Opinion 06-91


June 9, 2006


 

Digest:         Where the relationship between a lawyer-judge and the law firm in which he/she had been a partner is severed, there is no longer a basis for requiring another judge on the same court to disqualify that law firm.

 

Rule:            22 NYCRR 100.6(B)(3).



Opinion:


         The inquiring part-time lawyer-judge has disqualified a law firm from representing a party in a matter before the judge, because a part-time judge in the court where the inquirer presides was a partner in that firm. The inquiring judge has now been notified that the partner in question is severing his/her ties with the firm.

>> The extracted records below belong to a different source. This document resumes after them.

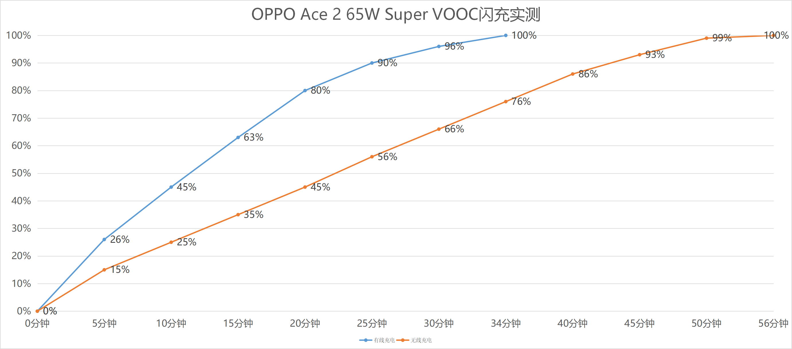 在完全耗尽电量自动关机后,小编做了有线和无线两种快充测试,在65W有线快充中5分钟达到26%,10分钟到达45%,完整充电只需要34分钟。40W AirVOOC无线闪充方面能做到10分钟 25%,56分钟100%充电效果。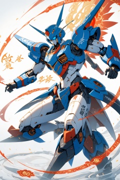 magic effect, Surrounded by rotating transparent red scrolls, floating transparent red Chinese characters, dynamic, rotating, 1 man standing in the air, not looking at the camera, writing calligraphy, solo, blue eyes, holding, weapon, holding weapon, glow, robot, mecha, science fiction, open_hand,v-fin, movie lighting, strong contrast, high level of detail, best quality, masterpiece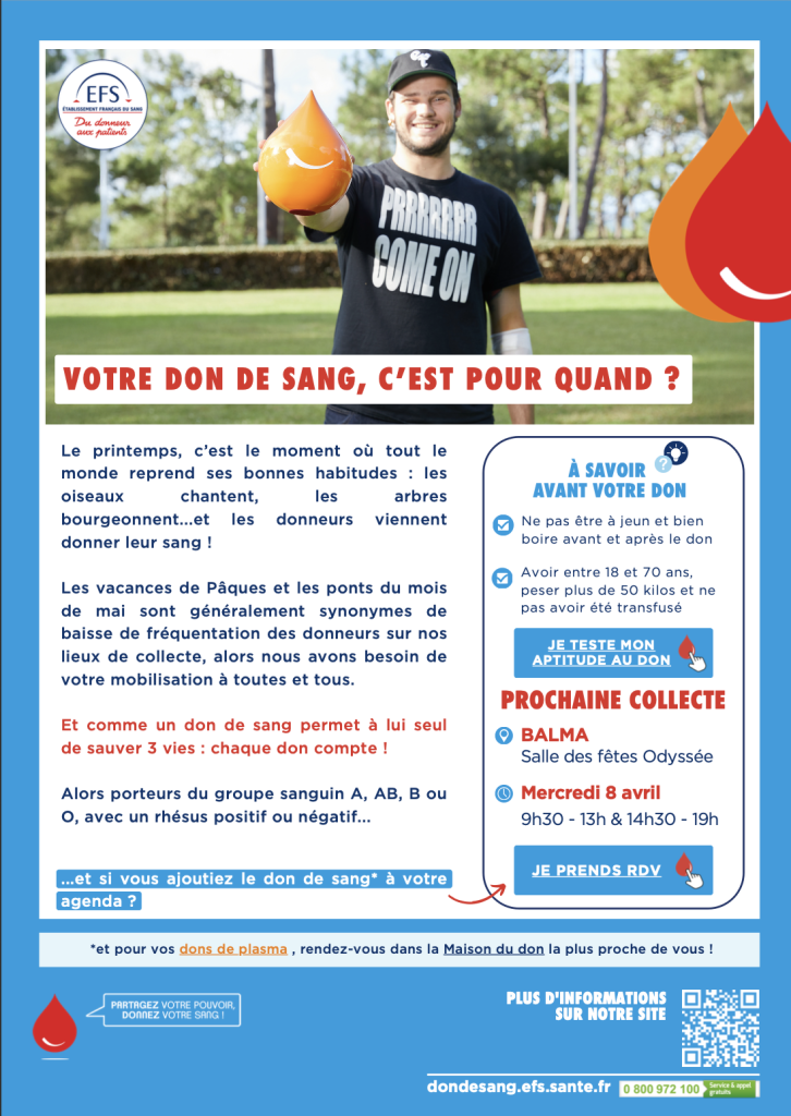 - Prise de rendez-vous : dondesang.efs.sante.fr ou application mobile « Don de sang »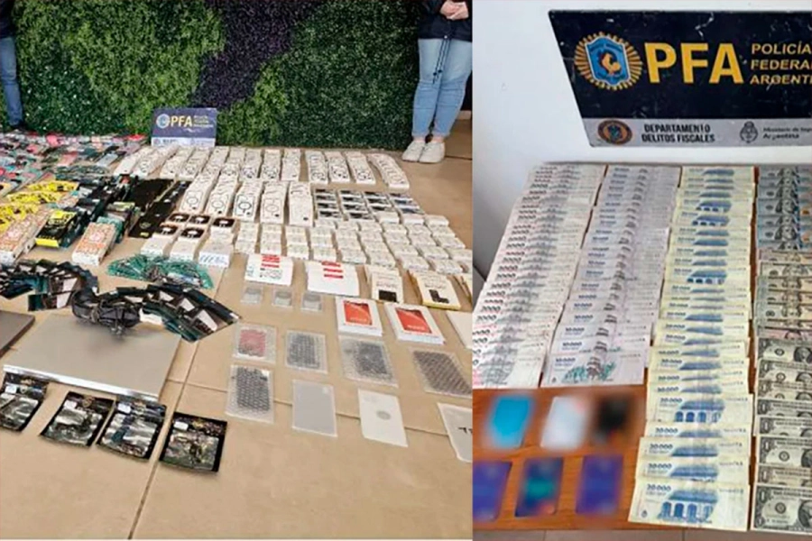 Durante los procedimientos, realizados de forma simultánea junto con personal de la Agencia de Recaudación de Control Aduanero (ARCA), se incautaron 600 celulares, 2.400 fundas, 1.000 accesorios (cargadores, cables USB, auriculares, etc.), casi $8 millones y alrededor de 4 mil dólares.

As a result, the judge asks whether the severance of the relationship removes the firm’s disqualification from representing parties in the court where the former partner sits. Further, the judge asks whether it is “permissible for the law firm to represent the party in the pending case, even though the case was filed during a time when the law firm was disqualified.”

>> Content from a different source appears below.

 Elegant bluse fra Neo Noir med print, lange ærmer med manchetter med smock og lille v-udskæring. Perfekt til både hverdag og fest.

         In the opinion of the Committee, both questions should be answered affirmatively. That is, the basis for the disqualification under section 100.6(B)(3) of the Rules Governing Judicial Conduct (requiring a part-time judge to disqualify the partners and associates of a law firm of that judge or of another judge of the same court) no longer exists. There is, therefore, no foundation for continuing to bar the law firm from appearing before that court.

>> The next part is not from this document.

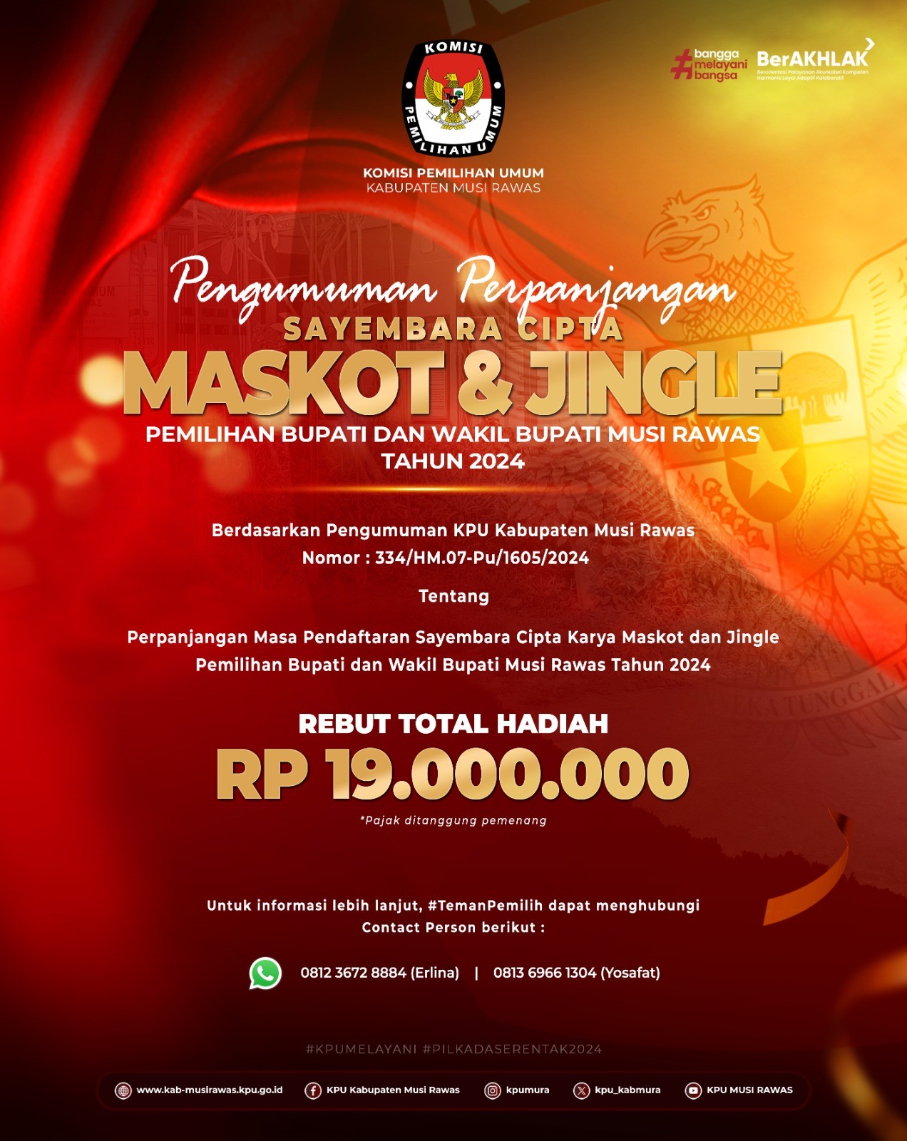 #TemanPemilih, Berikut kami sampaikan perpanjangan masa pendaftaran Sayembara Cipta Maskot dan Jingle Pemilihan Bupati dan Wakil Bupati Musi Rawas Tahun 2024 diperpanjang sampai dengan tanggal 8 Mei 2024.

         Moreover, the fact that the firm was originally disqualified in a particular case does not mean that it must remain so. Disqualification under section 100.6(B)(3) of the Rules is not intended as a punishment or sanction. Its purpose is to avoid the appearance of possible favoritism or undue influence that results where a judge or his or her law firm is permitted to practice in the same court where the judge presides. Because that danger has now been eliminated, we see no basis for requiring the continued disqualification of the law firm.